All tips tremendously appreciated!
Tx
Peter
Let's assume you're using SizeTieredCompaction and you have four SSTables of size X, a compaction will merge them into one SSTable of size Y and this process repeats itself.
Problem: A compaction will create a new SSTable of size Y and both the new and old SSTables of size X exist during the compaction.
In the worst case (with no deletes and overwrites), a compaction will require 2 times of the on-disk space used for SSTables, or more specifically: at certain points you need to have enough disk space to hold the SSTables of size X and Y.
So even though it seems that you have enough space left, you might run out of disk space during compaction.

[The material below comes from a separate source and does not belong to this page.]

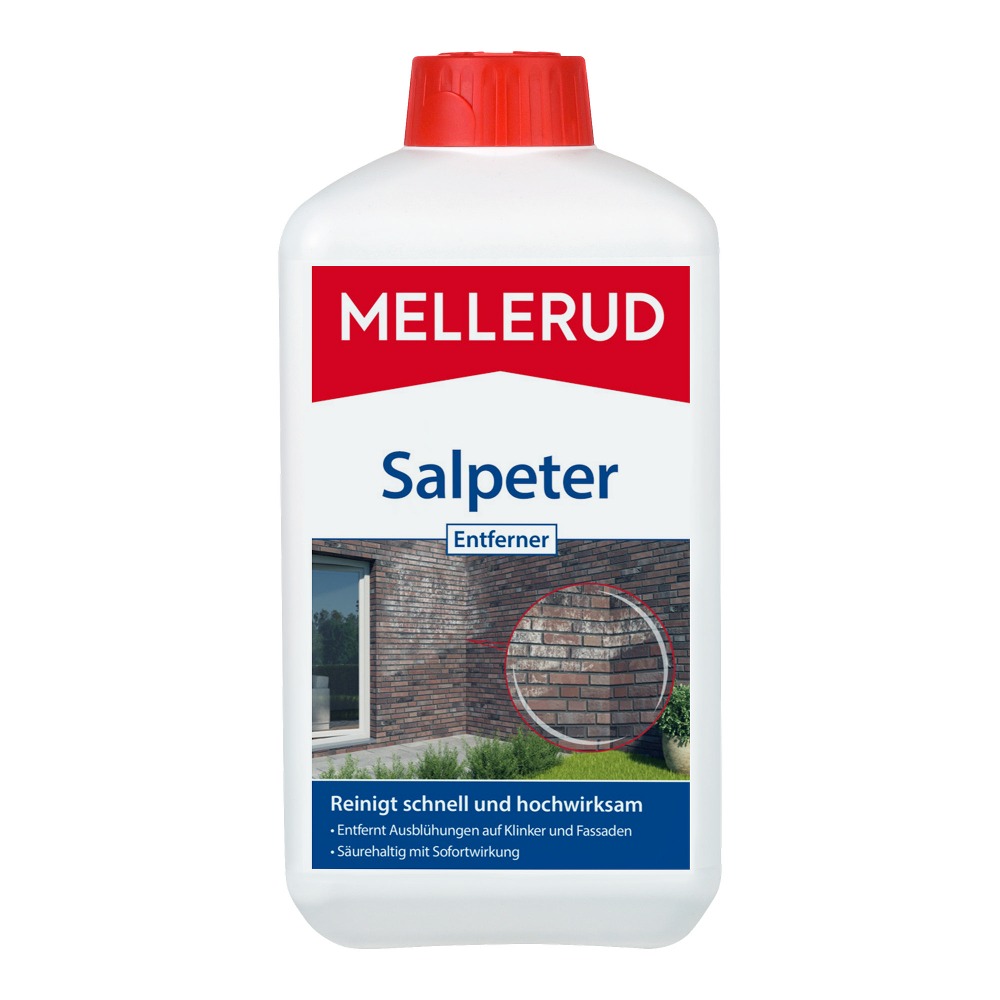 Засіб для видалення висолів та стійких забруднень з цегли, плитки, бетону 1 л MELLERUD Salpeter Entferner (2001000134) швидко і ґрунтовно видаляє висоли, селітру на стінах, настінний грибок та сильні забруднення з клінкеру, цегли, паленої цегли, пористої керамічної плитки та всіх інших кислотостійких поверхонь. Ідеально підходить для фасадів з клінкеру та бетону. Завдяки спеціальній кислотній формулі продукт діє навіть на найстійкіші забруднення та старі залишки. Після видалення забруднень оброблені поверхні слід захистити від проникнення вологи, щоб запобігти повторному забрудненню.

You might wanna try LeveledCompactionStrategy because it needs much less space for compaction (10 x sstable_size_in_mb). See also http://www.datastax.com/dev/blog/when-to-use-leveled-compaction for when to use LeveledCompactionStrategy.
No matter which compaction strategy you use, you should always leave enough free disk space to accommodate streaming, repair, and snapshots.